For decades, the pathology of Alzheimer's disease has been associated with dysfunction of cholinergic signaling; however, the cellular mechanisms by which nicotinic acetylcholine receptor (nAChR) function is impaired in Alzheimer's disease are as yet unknown. The most significant genetic risk factor for the development of Alzheimer's disease is inheritance of the epsilon4 allele of apolipoprotein E (apoE). Recent data have demonstrated the ability of apoE-derived peptides to inhibit nAChRs in rat hippocampus. In the current study, the functional interaction between nAChRs and apoE-derived peptides was investigated in Xenopus oocytes expressing selected nAChRs. Both a 17-amino acid peptide fragment, apoE(133-149), and an eight-amino acid peptide, apoE(141-148), were able to maximally block acetylcholine (ACh)-mediated peak current responses for homomeric alpha7 nAChRs. ApoE peptide inhibition was dose-dependent and voltage- and activity-independent. The current findings suggest that apoE peptides are noncompetitive for acetylcholine and do not block functional alpha-bungarotoxin binding. ApoE peptides had a significantly decreased ability to inhibit ACh-mediated peak current responses for alpha4beta2 and alpha2beta2 nAChRs. Amino acid substitutions in the apoE peptide sequence suggest that the arginines are critical for peptide blockade of the alpha7 nAChR. The current data suggest that apoE fragments can disrupt nAChR signaling through a direct blockade of alpha7 nAChRs. These results may be useful in elucidating the mechanisms underlying memory loss and cognitive decline seen in Alzheimer's disease as well as aid in the development of novel therapeutics using apoE-derived peptides.

Apolipoprotein E-derived peptides ameliorate clinical disability and inflammatory infiltrates into the spinal cord in a murine model of multiple sclerosis.[Pubmed:16740622]

J Pharmacol Exp Ther. 2006 Sep;318(3):956-65.

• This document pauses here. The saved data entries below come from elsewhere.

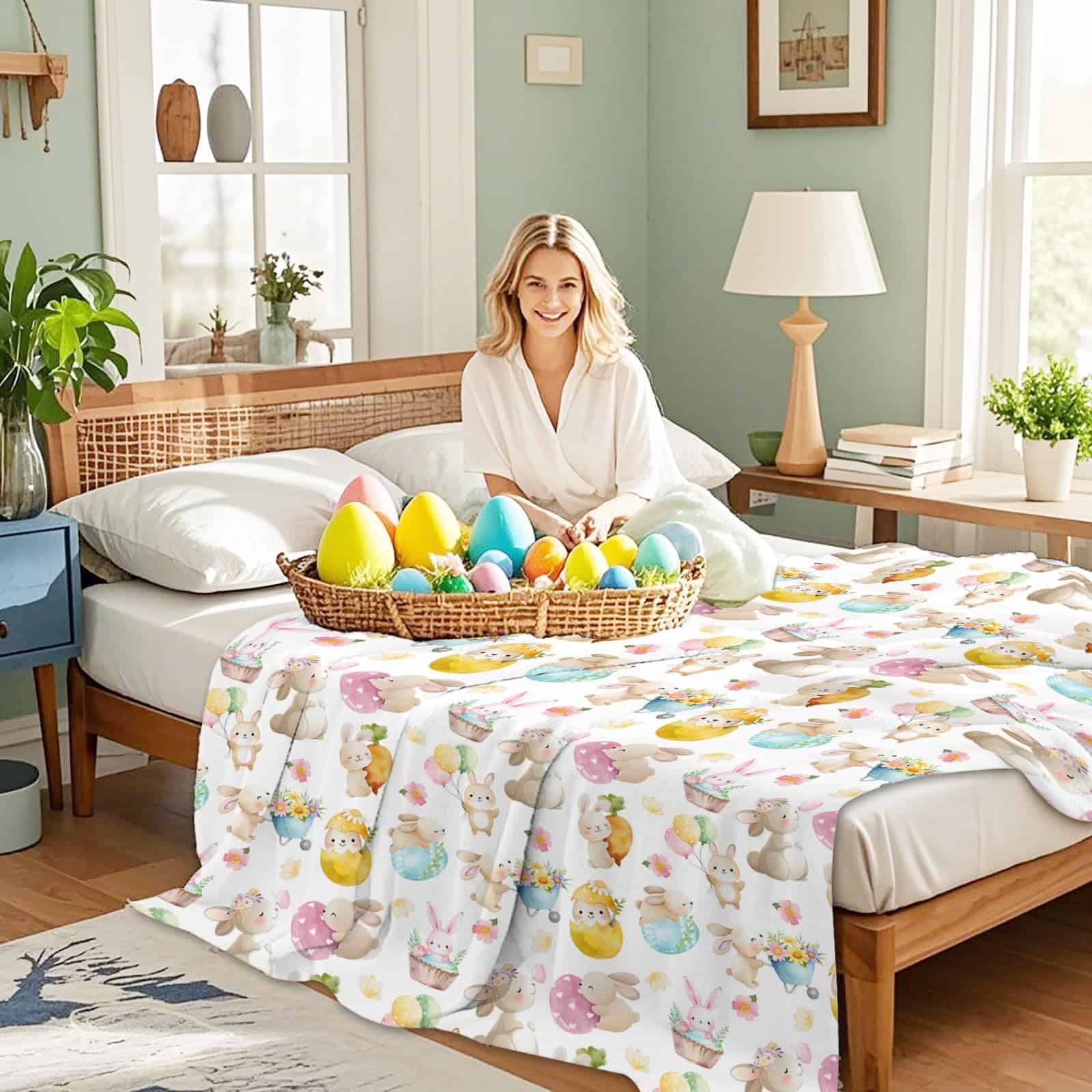 ¡Celebra la Pascua con estilo y comodidad con esta encantadora manta peluda, una mezcla de encanto festivo y acogedora cotidianeidad!
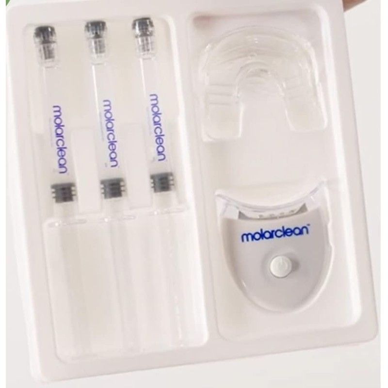 TEETH WHITENING KIT Teeth Whitening Kit by Molarclean Blue light accelerator weakens stains so the whitening serum can work more effectively. – 9 Applications – Noticeably whiter teeth – Leading PAP whitening serum – No pain or sensitivity – Vegan friendly
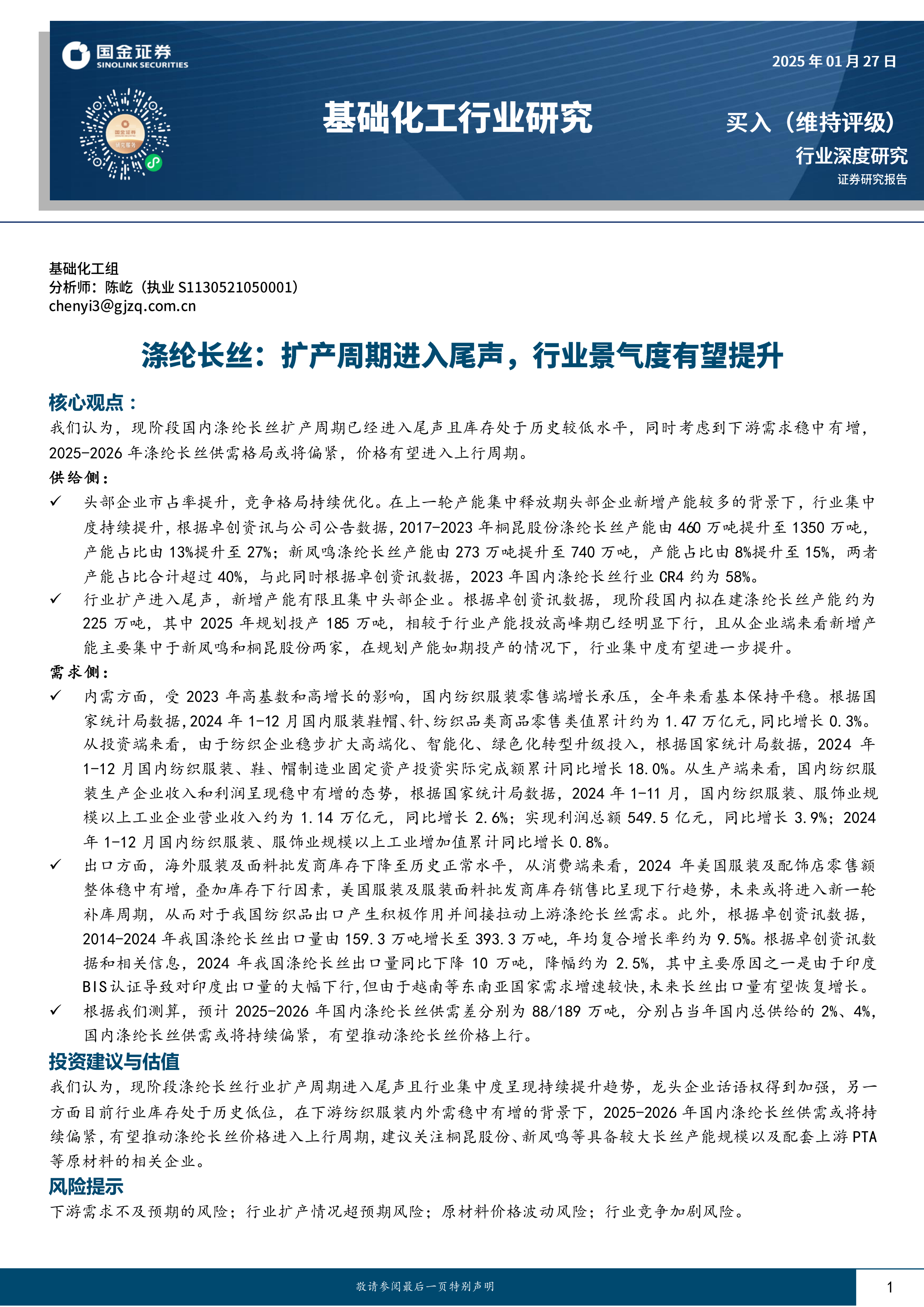 本报告基于对涤纶长丝行业供给侧和需求侧的深入分析,认为2025-2026年国内涤纶长丝市场供需格局将偏紧,价格有望上涨。 报告强调了行业集中度提升、头部企业话语权增强以及下游需求稳中有增等关键因素。 同时,报告也指出了潜在的风险因素,为投资者提供了全面的参考信息。 建议投资者在投资决策时,需综合考虑报告中的分析和预测,并结合自身风险承受能力进行判断。
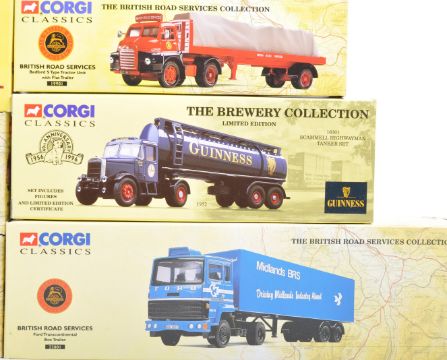 A collection of 8x Corgi Classics made boxed diecast model vehicles - largely Haulage / Haulier or Fire Engine interest. Includes model numbers; 98486, 98485, 23001, 22101, 19901 and others. Each appears mint and unused, within its original box.
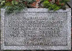 Auf dem Goldbergplatz wurde 1985 ein Gedenkstein zur Erinnerung an die Ermordung des Ehepaars eingeweiht, der in die hochgezogene Naturstein-Randpflasterung eines großen, erhöhten Blumenrondells eingelassen wurde.[16] Der aus Granit bestehende Gedenkstein trägt folgende Inschrift:
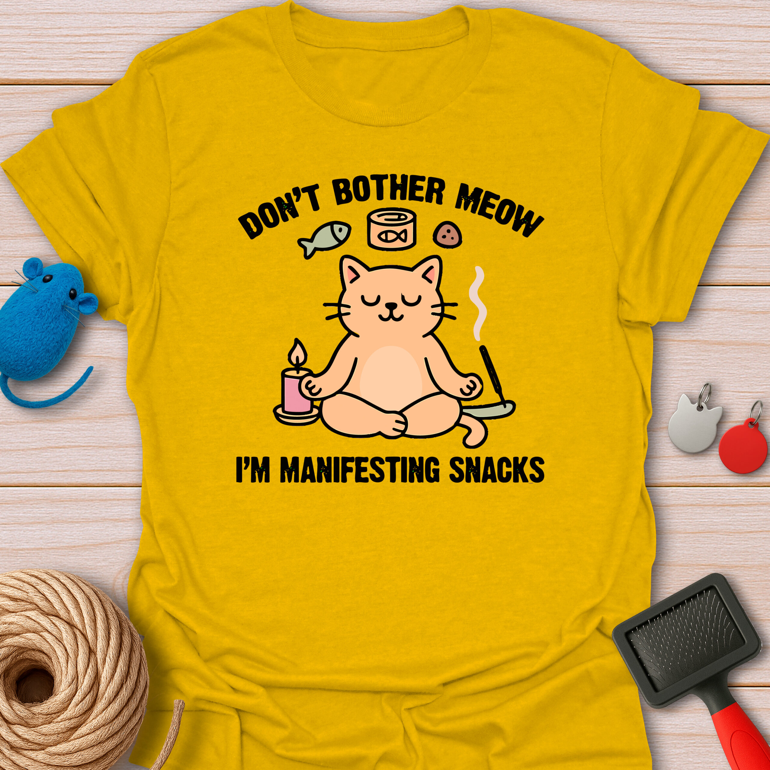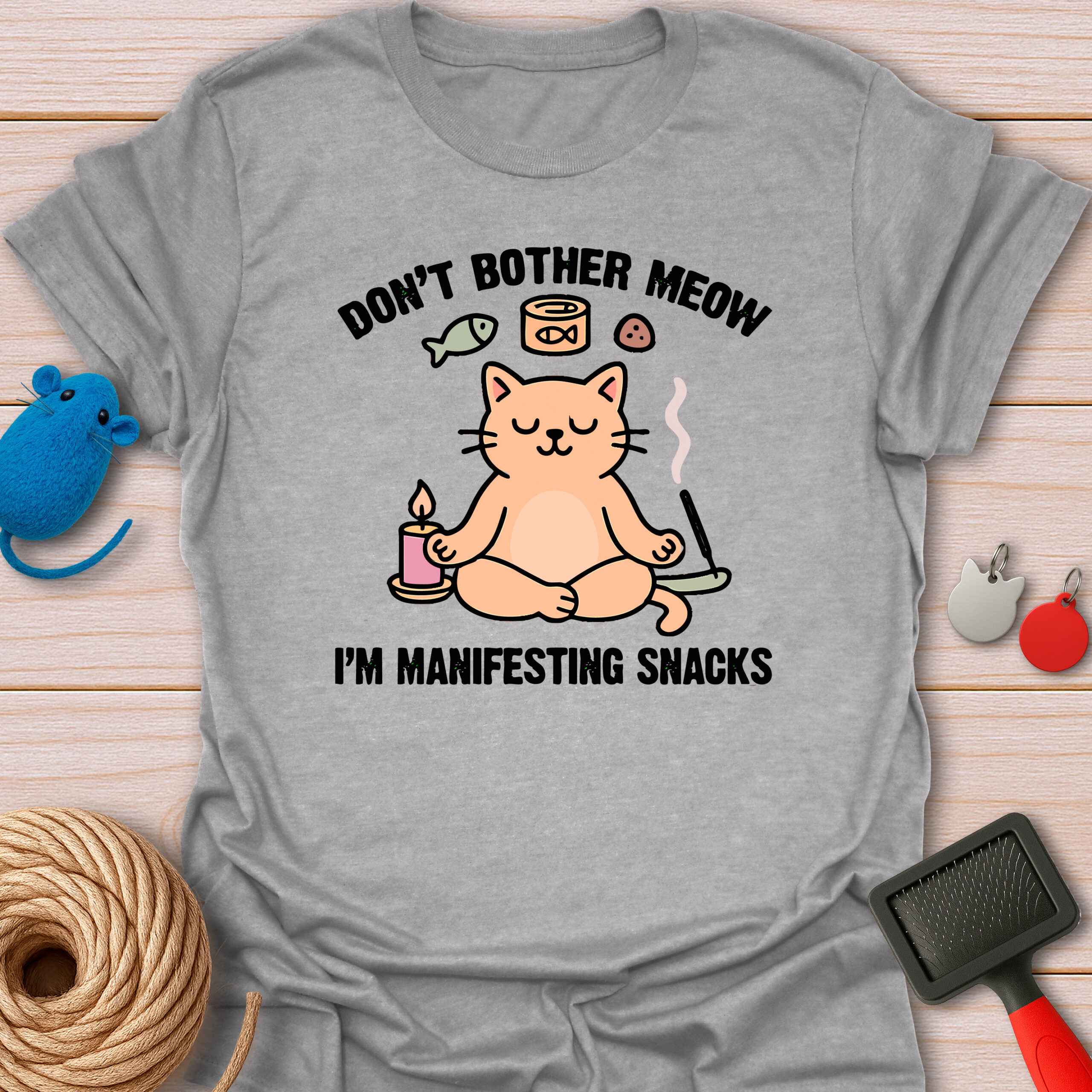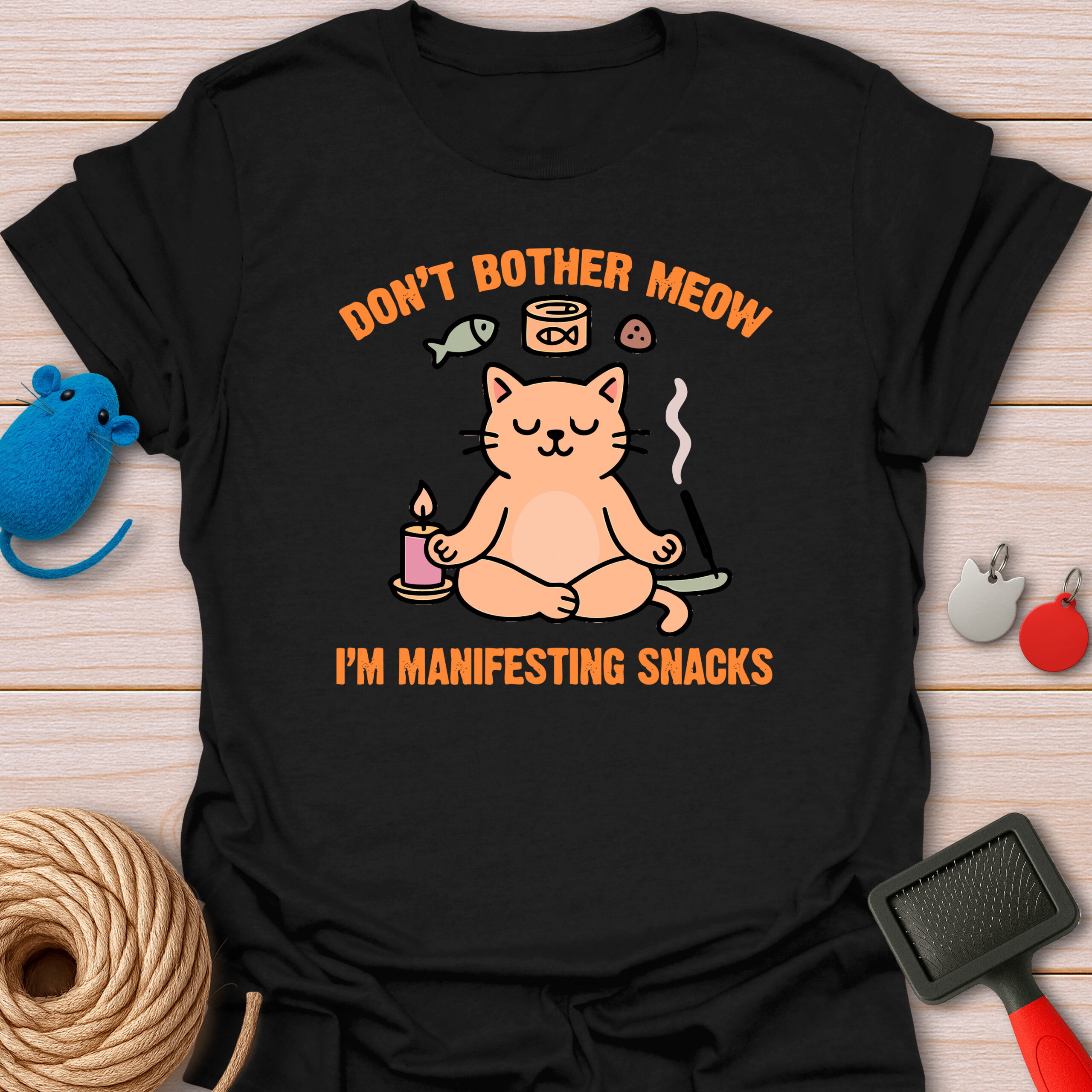 Keywords / Tags: Manifesting snacks, yoga cat shirt, funny meditation tee, cat pun shirt, zen cat, spiritual humor, food lover gift, don't bother meow, cat mom apparel.

Apolipoprotein E (apoE), well known to play a role in lipid transport and cholesterol metabolism, also exerts anti-inflammatory and neuroprotective effects in the central nervous system. Recent clinical and genetic studies display an association between apoE genotype (APOE) and the progression and severity of multiple sclerosis, raising the possibility that modulation of apoE may be a novel treatment for multiple sclerosis. Using a murine experimental autoimmune encephalomyelitis (EAE) model of human multiple sclerosis, we found that a peptidomimetic of apoE protein, COG133, substantially reduces the clinical symptoms of EAE and promotes remission from the disability when administered before or after onset of disease. Most notably, fusion of COG133 to a protein transduction domain creates COG112, a modified apoE-mimetic peptide with significantly enhanced anti-inflammatory bioactivities in vitro, and improved therapeutic effects on EAE in vivo, which renders a nearly full remission from the disability. Histopathological analysis showed that COG112 and COG133 attenuated demyelination and significantly diminished the number of peripheral cells infiltrating into the spinal cord. ApoE mimetics also interfered with several mechanisms relevant to the pathogenesis of EAE and multiple sclerosis, including activation of macrophages, subsequent production of nitric oxide and inflammatory cytokines, and lymphocyte proliferation. These data suggest that apoE mimetics represent a multidimensional therapeutic for multiple sclerosis capable of inhibiting the inflammatory cascade, modulating immune cell function, and reducing clinical signs, which may have novel utility for the treatment of inflammatory autoimmune diseases.